Will Way ist die erste Person, die gerufen wird, wenn es in Brooklyn zu einer Schießerei kommt, in die ein Polizist verwickelt ist. Als Gewerkschaftsvertreter der Patrolmen's Benevolent Association hat er achtundvierzig Stunden Zeit, sich mit den betroffenen Polizisten zu unterhalten, bevor es irgendjemand anderes tut, seien es die Vorgesetzten der Polizisten, die Dienstaufsicht oder die Staatsanwaltschaft. Seine Aufgabe ist es, sich in erster Linie um das Wohlergehen der Polizisten zu kümmern. Als Georgina Reed einen Mann unmittelbar nach dem Überfall auf eine Bodega erschießt, denkt Way, dass dies ein einfacher Fall ist. Doch als er im Keller des Reviers sitzt und Georginas Geschichte hört, wird ihm immer mulmiger zumute, denn Georgina lügt eindeutig über das, was vor wenigen Stunden passiert ist. Sie behauptet, dass der Mann, den sie erschossen hat, eine Waffe in der Hand hatte. Andere schwören, dass er nur einen Strauß Azaleen bei sich führte. Unter der Leiche wird eine Waffe gefunden. Der Fall wird zum gefundenen Fressen für die Medien. Als Ways undurchsichtige Verbindung zu einem prominenten Richter des Obersten Gerichtshofs von Brooklyn aufgedeckt wird, wird er zur nächsten Zielscheibe für den Mob, der jemanden sucht, um ihn für die rassische Ungerechtigkeit in Amerika verantwortlich zu machen.

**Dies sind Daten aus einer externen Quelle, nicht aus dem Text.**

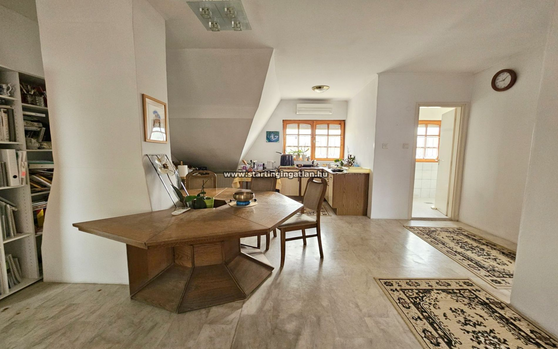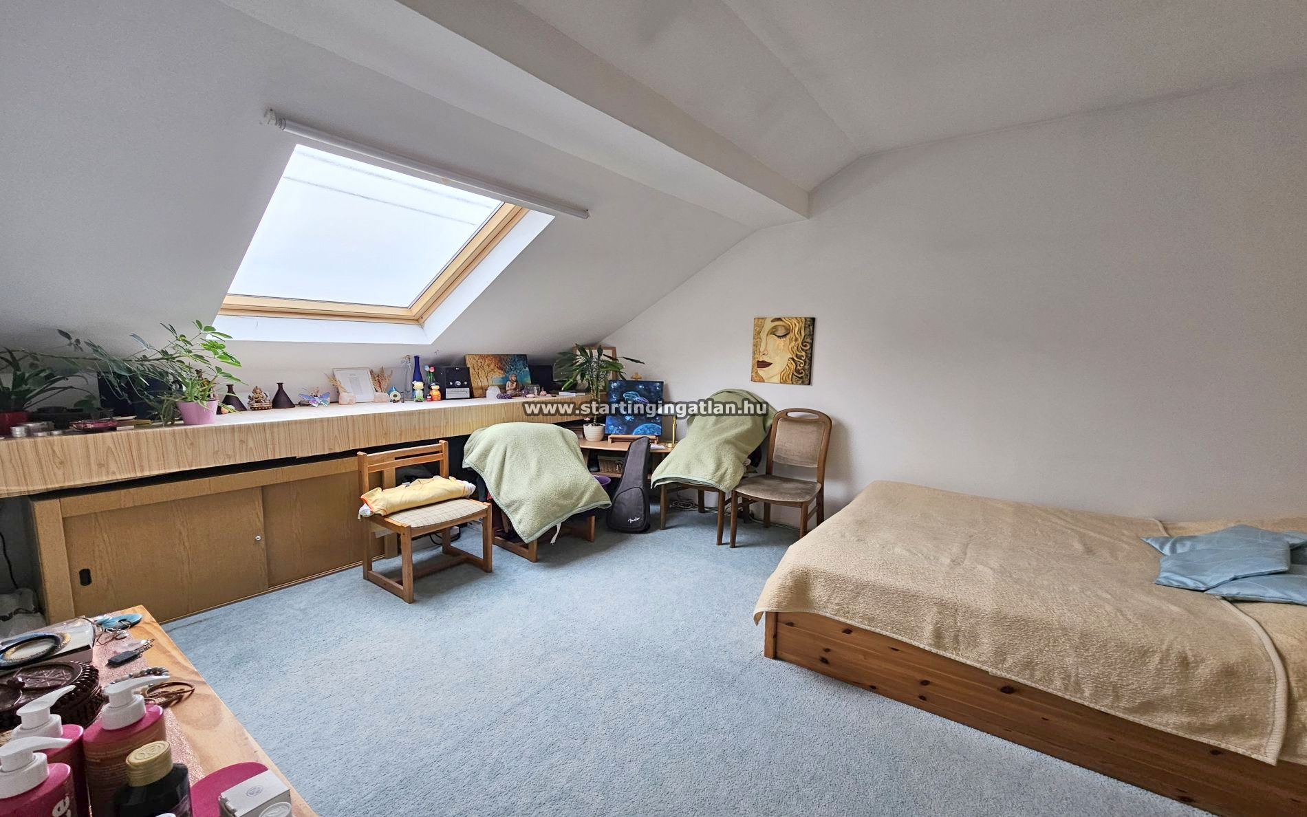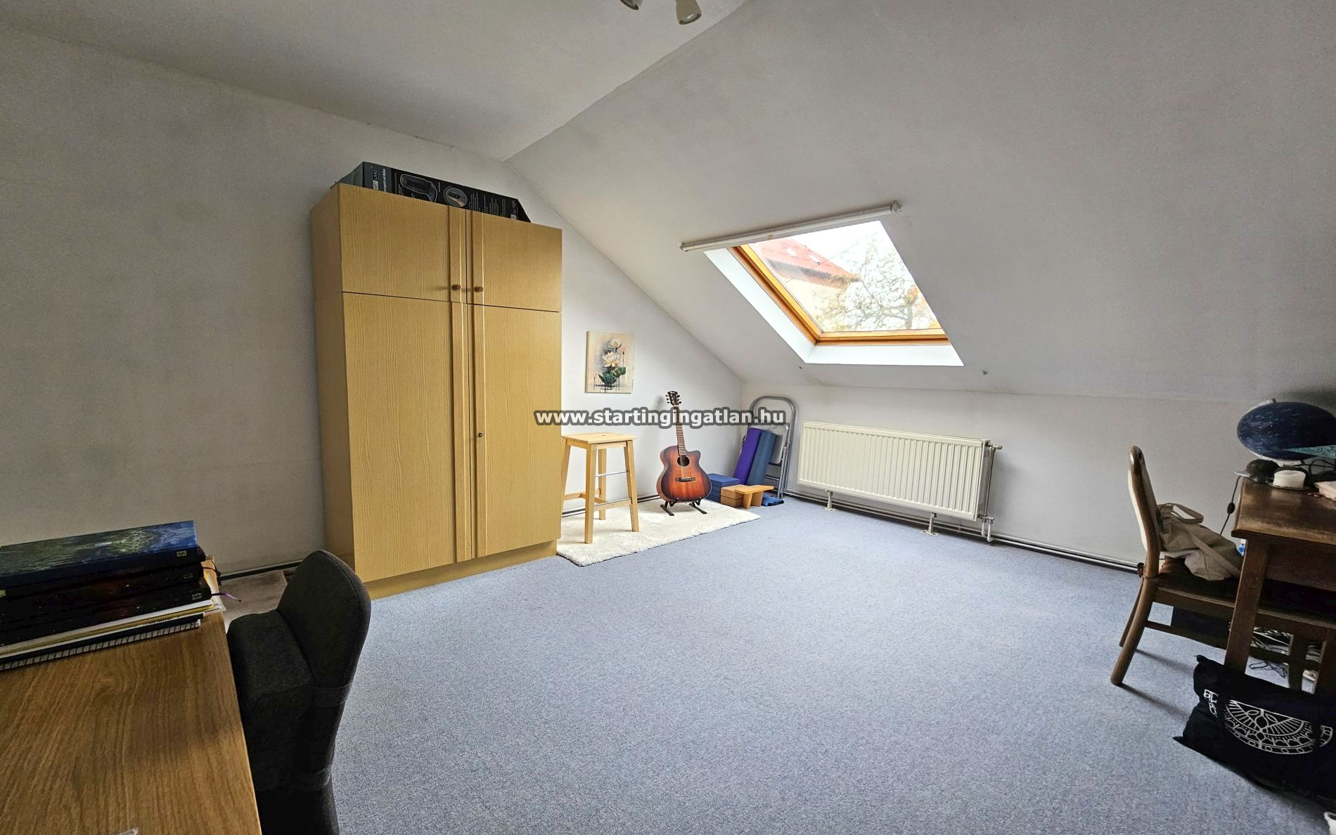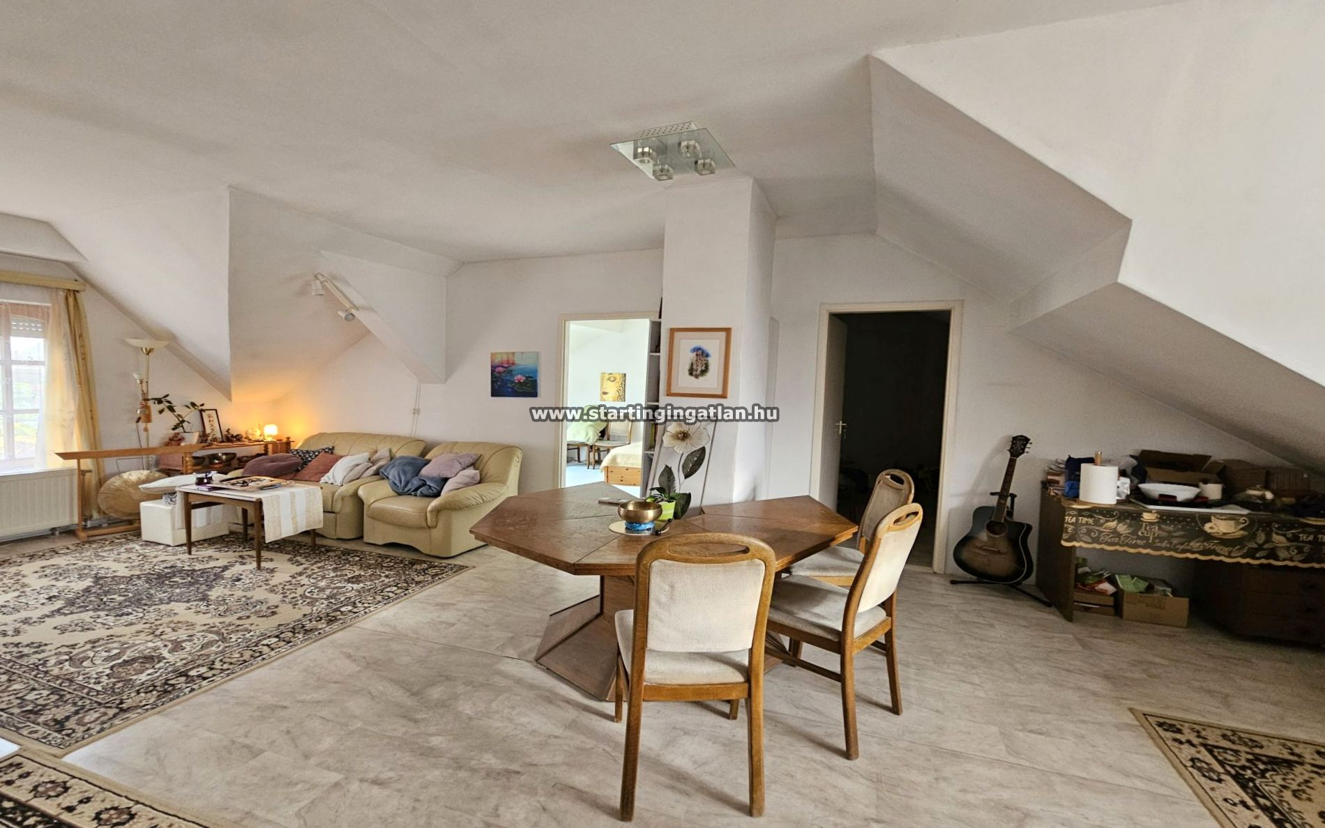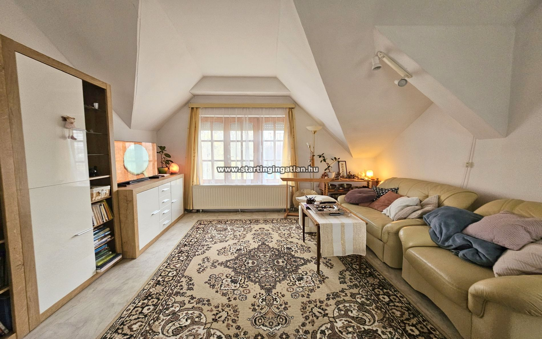 Az emeleti, 69 m²-es lakás külön bejárattal is használható, világos, napfényes tereit a kedvező tájolás teszi igazán élhetővé. A tető felújítása három éve megtörtént, Tegola zsindelyborítást kapott, a lakás klimatizált, jó állapotú.

Kundinnen und Kunden meinen
4.0/5.0
J. Kaiser
4/5
02.05.2023
Buch (Gebundene Ausgabe)
Tiefgründig und spannend
Will Way ist der erste der nach einer Schiesserei gerufen wird, wenn Polizistinnen oder Polizisten involviert sind. Er hat 48 Stunden Zeit sich mit ihnen zu besprechen. Vorher darf keine andere Person mit den Beteiligten sprechen. Georgina Reed hat nach einem Überfall einen Mann erschossen. Er glaubt an einen einfachen Fall. Als er ihr gegenüber sitzt hat er den Eindruck, dass sie lügt über das, was passiert ist. Der Fall wirbelt in den Medien gehörig Staub auf. Way deckt bei seinen Recherchen Verbindungen zu einem Richter des Obersten Gerichts auf. Man liest eine eindrückliche Geschichte, die dieser NYPD-Beamte durchläuft. Er arbeitet für die Polizeigewerkschaft. Man erkennt, dass es in der Strafjustiz um alles andere als um Gerechtigkeit geht. Doch das Recht siegt über das Böse. Dieses Buch ist kein einfaches, aber das Lesen lohnt sich sehr.